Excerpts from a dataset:
════════════════════

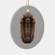 Round ornament with digitally perfected trilobite fossil on a gray background.
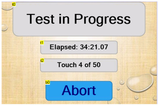 The test page appears after the glove has successfully been depressurized and the drum has begun to move. It displays the current elapsed time as well as the touch number that the machine is currently executing (Figure 4). It should be noted that the elapsed time is paused during the process of depressurization. A test can be aborted at any time by pressing the “Abort” button. Otherwise, the machine automatically switches to the “test complete” page once the glove has failed (Table 5 and Table 6).
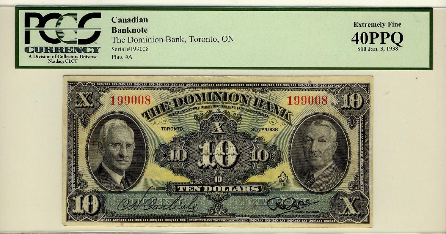 The Dominion Bank, 1938 $10 #199008, CH-220-28-04, PCGS EF40PPQ.
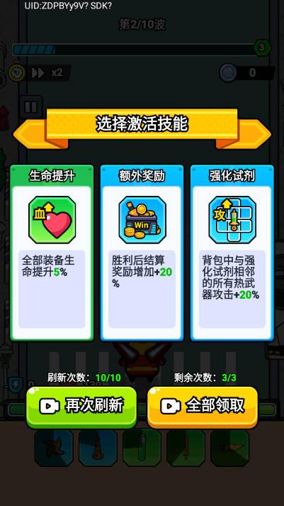 2、通过免广告刷新各种背包格子可以放置更多的武器
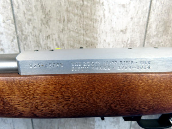 18.5" Stainless Barrel; wood stock; like new & mint; removable magazine; marked Fifty Years on receiver; USA: SN#829-45795; A71
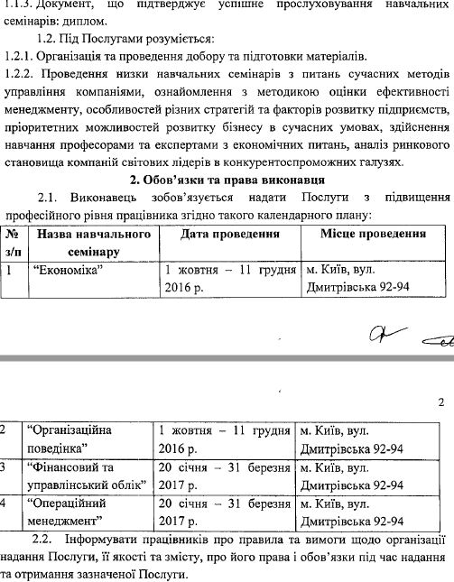 Оплачується навчання для 12 працівників «Нафтогазу». Їх прізвища та посади не оприлюднені. Заняття мають проходити по п’ятницям, суботам, неділям.
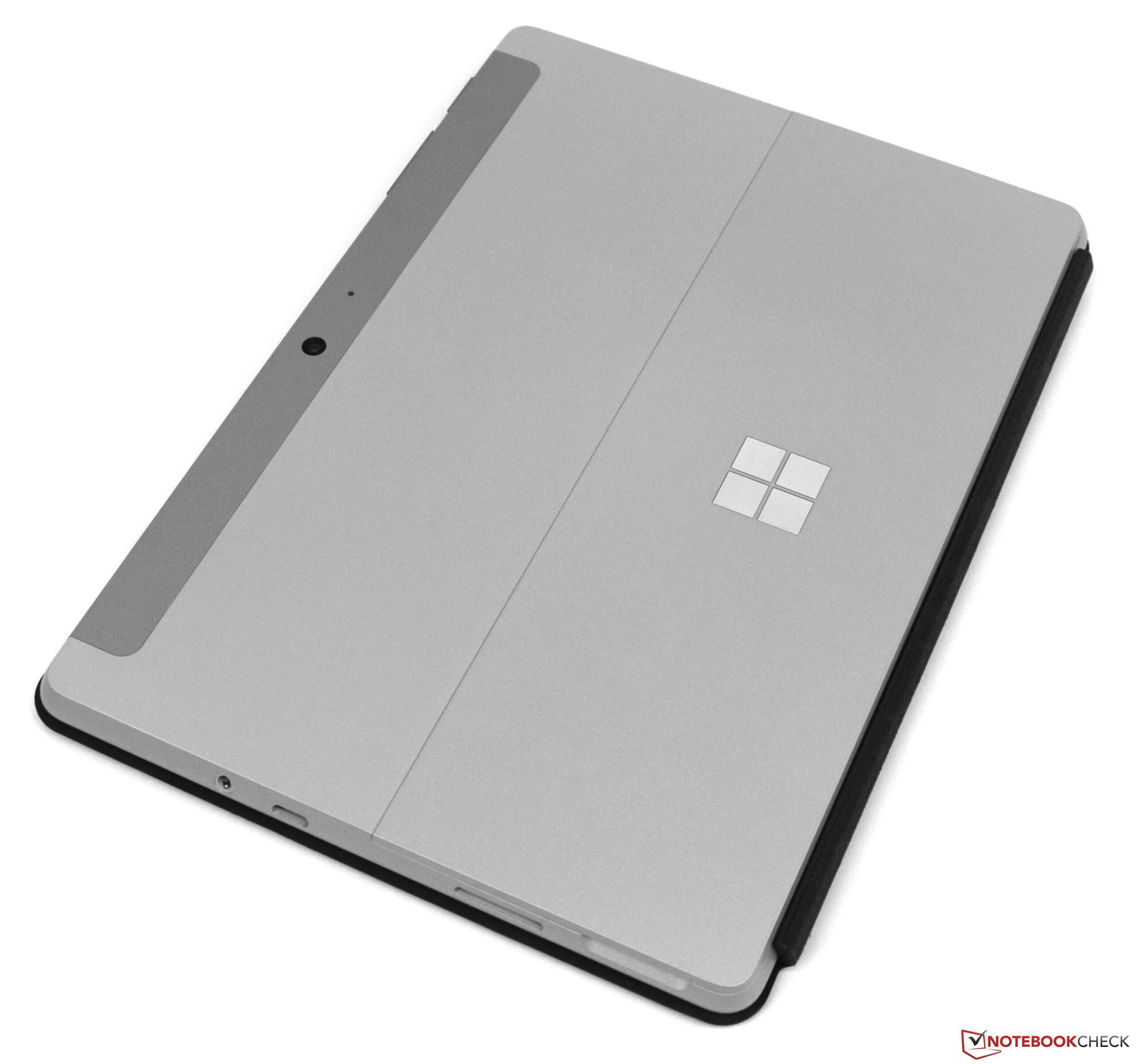 Cuando se trata del caso, Microsoft ha tomado el enfoque bien probado y ha equipado el dispositivo de nivel de entrada con el conocido caso de magnesio con Corning Gorilla Glass 3 en la parte delantera. Al igual que todas las demás tabletas de superficie, el Go cuenta con el soporte desplegable en la parte posterior. Su bisagra era sorprendentemente firme, y se abrió hasta 170 grados. Los biseles negros de la pantalla del Go eran muy dominantes en comparación con otros dispositivos modernos.
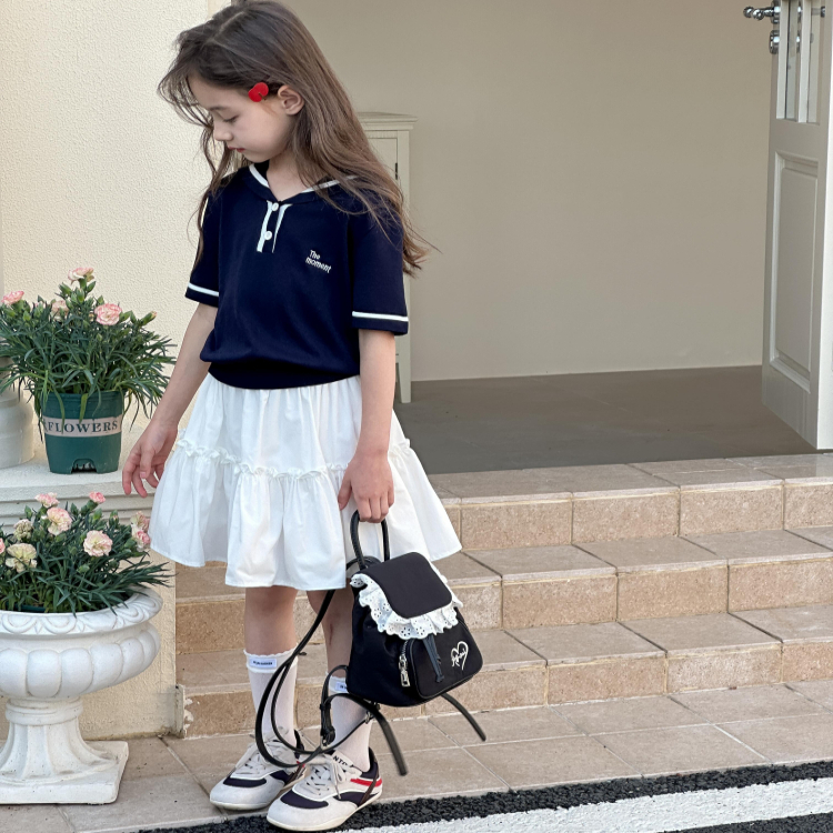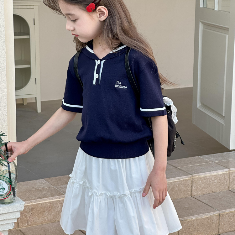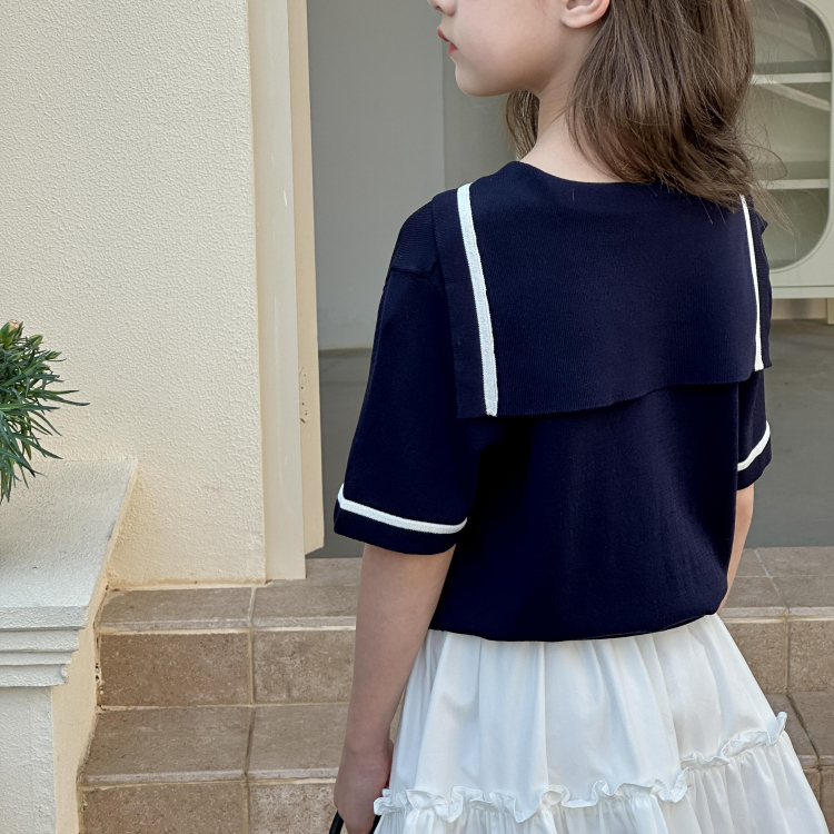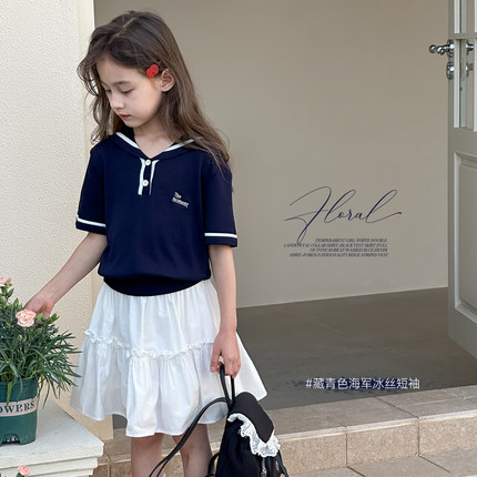 女童T恤2025夏季新款儿童海军风冰丝针织短袖撞色百搭套头上衣潮
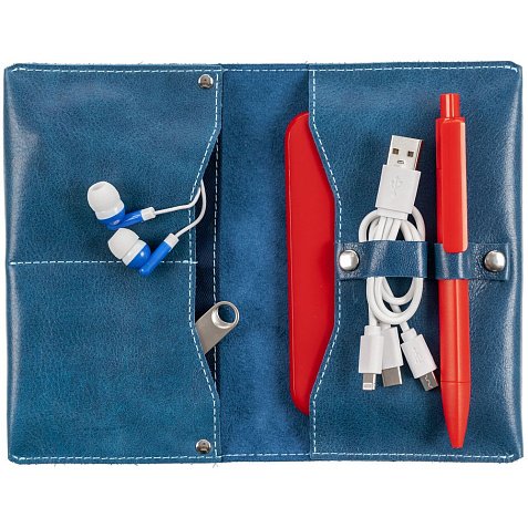 В органайзере есть два крепления на кнопке и четыре кармана разных размеров для проводов, наушников и зарядных устройств.
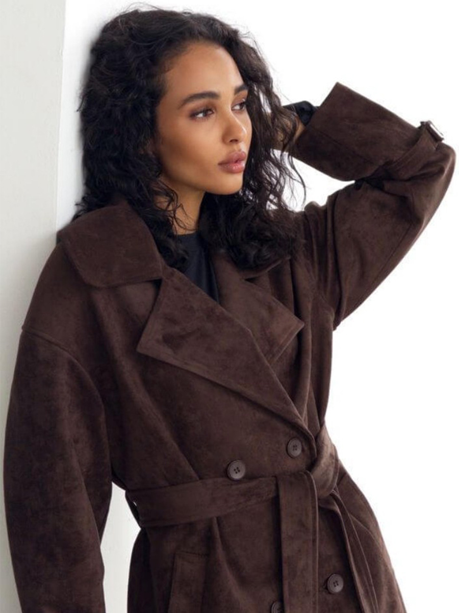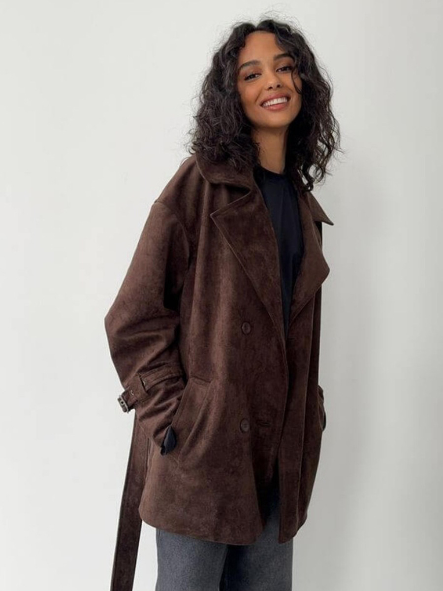 Retro Suede Fabric Jacket Coat Autumn Winter Polo Collar Lace up Waist Trimming Coat

════════════════════

Please copy the lines exactly, beginning at the one containing "В органайзере есть" and ending at the last line of the records above, both included, with the pictures left out.

 В органайзере есть два крепления на кнопке и четыре кармана разных размеров для проводов, наушников и зарядных устройств.
 Retro Suede Fabric Jacket Coat Autumn Winter Polo Collar Lace up Waist Trimming Coat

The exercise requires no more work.